Brett Anderson (Ownership rates: Yahoo 29%, ESPN 17.1%, CBS 36%)

Brett Anderson just cannot stay healthy. This much is clear by now. Since making 30 starts for Oakland in 2009, he has made a total of 43 major-league starts from 2010 through 2013. The 25-year-old lefty has spent most of this season on the disabled list yet again and hasn’t pitched in the majors since April.

When Anderson originally started his rehab assignment, the A’s were planning on bringing him back as a reliever. However, when Bartolo Colon hit the disabled list, Oakland reevaluated their plans and decided to stretch Anderson back out to be a starter.

Likely due to a combination of the injury and the initial reports of Anderson returning in a bullpen role, he is widely available in fantasy leagues. While he obviously is a constant injury risk, we’re late enough in the season that fantasy owners really don’t need him for long.

Anderson’s surface stats were less than impressive in April, with a 6.21 ERA and 1.62 WHIP in 29 innings, but it is a very small sample with lots of noise in it. His strand rate was a career-low 58.4 percent, and he was on a career-high pace in BABIP (.341) and home-run-to-fly-ball ratio (14.3 percent). The resulting 3.94 FIP and 3.59 xFIP indicate that he wasn’t pitching nearly as poorly as it seemed.

Aside from his health, the one concern I have with Anderson right now is his lack of control this year. He walked 15 batters in his 29 innings in the majors and has struggled with free passes on his rehab assignment, as well. However, I’m going to trust his 2.36 career walks-per-nine-innings rate in 435 career major-league innings over an extremely small sample from 2013. Anderson always has had excellent command, and I believe he’ll figure it out.

Anderson is hardly ever healthy, but when he is, he’s an excellent fantasy commodity. He has a 3.74 ERA and 3.56 FIP in his career and a WHIP of 1.27. He’s not a big strikeout guy, but his 7.03 strikeouts-per-nine-innings rate isn’t low enough to hurt fantasy owners, either. Also, keep in mind that he pitches his home games in the pitcher’s paradise of O.co Coliseum.

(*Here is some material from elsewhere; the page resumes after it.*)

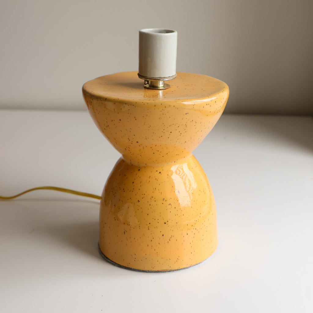 Peachy glazed, speckled stoneware base thrown on the wheel, paired with truly wild, party girl, molded plastic shade. Switch on cord, porcelain socket fits a standard E26 bulb (not included)

Oakland manager Bob Melvin knows how fragile Anderson is and isn’t planning to keep him on a minor-league rehab assignment for long:

It’s likely that your waiver wire is pretty thin on quality starting pitchers this time of year. It’s also likely that Anderson is available in your league. If he is, pick him up and stash him on your disabled list. If he comes back at 100 percent health, he should provide good value down the stretch.